If you're looking to fund some narrow thing only one other person's interested in funding, and you're perfectly patient but the other person is about as impatient as people tend to be, and if you start out with funds the same size, I think you'll be big enough that it's worth starting to spend after about fifty years. If you're looking to spend on increasing human consumption in general, you'll have to hold out till you're a big fraction of global wealth--maybe on the order of a thousand years. (Note that this means that you'd probably never make it, even though this is still the expected-welfare-maximizing policy.)

#3: Yes. If ethics turns out to contain pure time preference after all, or we have sufficiently weak duties to future generations for some other reason, then patient philanthropy is a bad idea. :(

Thanks Phil - appreciate the response! On #1, I think I get it though it's a bit counterintuitive. I take it that the proposition is that permanent (or at least long-term) reduction in x-risk has a sort of 'compounding' impact on expected value, since it reduces risk each year, and therefore would compete with patient investing, but short-term reductions in risk don't have that same 'compounding' benefit and therefore don't compete in the same way with the interest rate (which is assumed to be increase with and therefore be higher than the x-risk rate). And #2 and #3, I think I follow too.

Some interesting ideas to think about... Looking forward to seeing your further work in this area.


This was a very intriguing interview!

Question: If you're an economist (or other social scientist) trying to get into the global priorities field, should you join GPI or try to start global priorities research centers at other universities?

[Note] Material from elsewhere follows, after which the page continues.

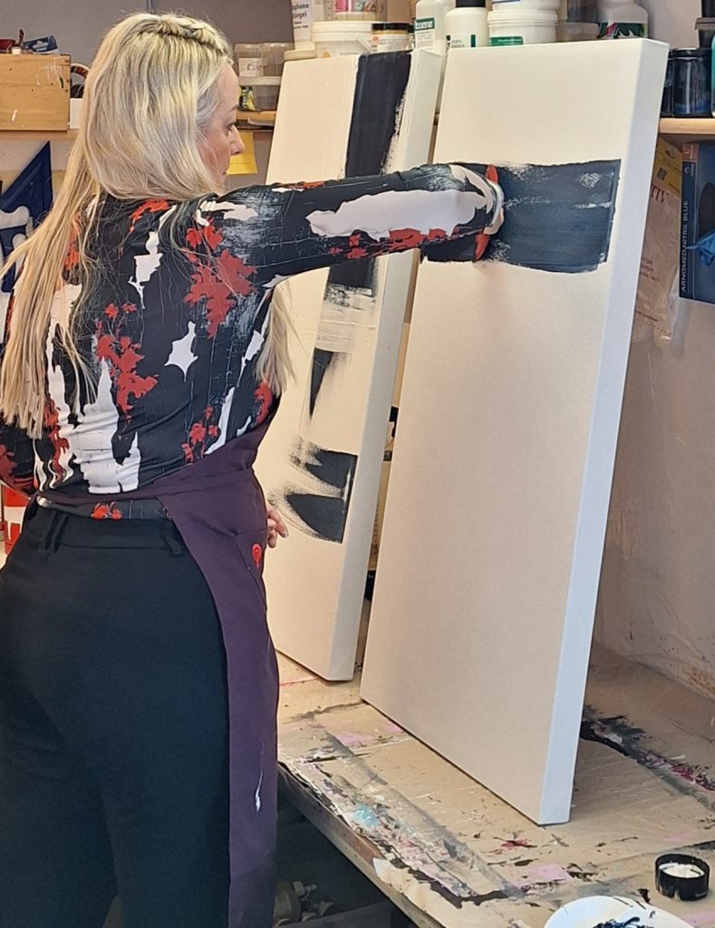 Wir arbeiten in meinem Atelier in Wörgl – hell, ruhig und mit genügend Platz zum Malen.

I'm far from qualified to give career advice to people who are already full-time academics, but I suppose I'd say,

  • If you've just graduated and are looking for a post-doc opportunity, or are coming from outside academia and willing to move to Oxford, then apply to GPI.
  • If you're already an academic elsewhere, then get in touch, come to one of the workshops GPI holds at the end of each Oxford term, and try shifting your research in a GPR direction. (We put together such a long research agenda partly in the hope that lots of interested researchers elsewhere will find something in it that they can get excited about.)
  • If you're a senior enough academic that you could set up a respectable global priorities research center elsewhere, then definitely get in touch! That could turn out to be a great idea, especially if you're an economist at a higher-ranked department than Oxford's. Forethought--GPI's sister org, which funds GPR activity outside of Oxford--would be a place to apply for funding for a project along those lines.